TASK INSTRUCTIONS:
Using the records below, quote only the span that opens with the line containing "Uitnodiging zeventigste 70e" and closes with the line containing "In terms of", exactly and inclusively.

SUPPLIED DATA:
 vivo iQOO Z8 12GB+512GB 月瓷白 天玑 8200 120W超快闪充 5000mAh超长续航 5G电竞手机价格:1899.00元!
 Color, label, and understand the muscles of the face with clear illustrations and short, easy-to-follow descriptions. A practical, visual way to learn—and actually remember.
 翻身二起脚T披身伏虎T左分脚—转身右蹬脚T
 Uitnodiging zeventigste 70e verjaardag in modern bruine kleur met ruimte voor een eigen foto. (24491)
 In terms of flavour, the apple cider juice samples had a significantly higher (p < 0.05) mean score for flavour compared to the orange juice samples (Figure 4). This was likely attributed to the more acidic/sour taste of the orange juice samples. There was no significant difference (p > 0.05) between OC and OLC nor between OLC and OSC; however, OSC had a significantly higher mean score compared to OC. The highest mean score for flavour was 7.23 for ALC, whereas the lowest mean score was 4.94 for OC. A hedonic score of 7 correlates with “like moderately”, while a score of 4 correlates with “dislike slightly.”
...
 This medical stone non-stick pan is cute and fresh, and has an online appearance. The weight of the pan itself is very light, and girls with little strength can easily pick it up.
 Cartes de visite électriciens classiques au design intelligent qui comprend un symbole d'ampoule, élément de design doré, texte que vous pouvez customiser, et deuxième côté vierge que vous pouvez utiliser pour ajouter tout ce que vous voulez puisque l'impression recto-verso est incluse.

YOUR SOLUTION:
 Uitnodiging zeventigste 70e verjaardag in modern bruine kleur met ruimte voor een eigen foto. (24491)
 In terms of flavour, the apple cider juice samples had a significantly higher (p < 0.05) mean score for flavour compared to the orange juice samples (Figure 4). This was likely attributed to the more acidic/sour taste of the orange juice samples. There was no significant difference (p > 0.05) between OC and OLC nor between OLC and OSC; however, OSC had a significantly higher mean score compared to OC. The highest mean score for flavour was 7.23 for ALC, whereas the lowest mean score was 4.94 for OC. A hedonic score of 7 correlates with “like moderately”, while a score of 4 correlates with “dislike slightly.”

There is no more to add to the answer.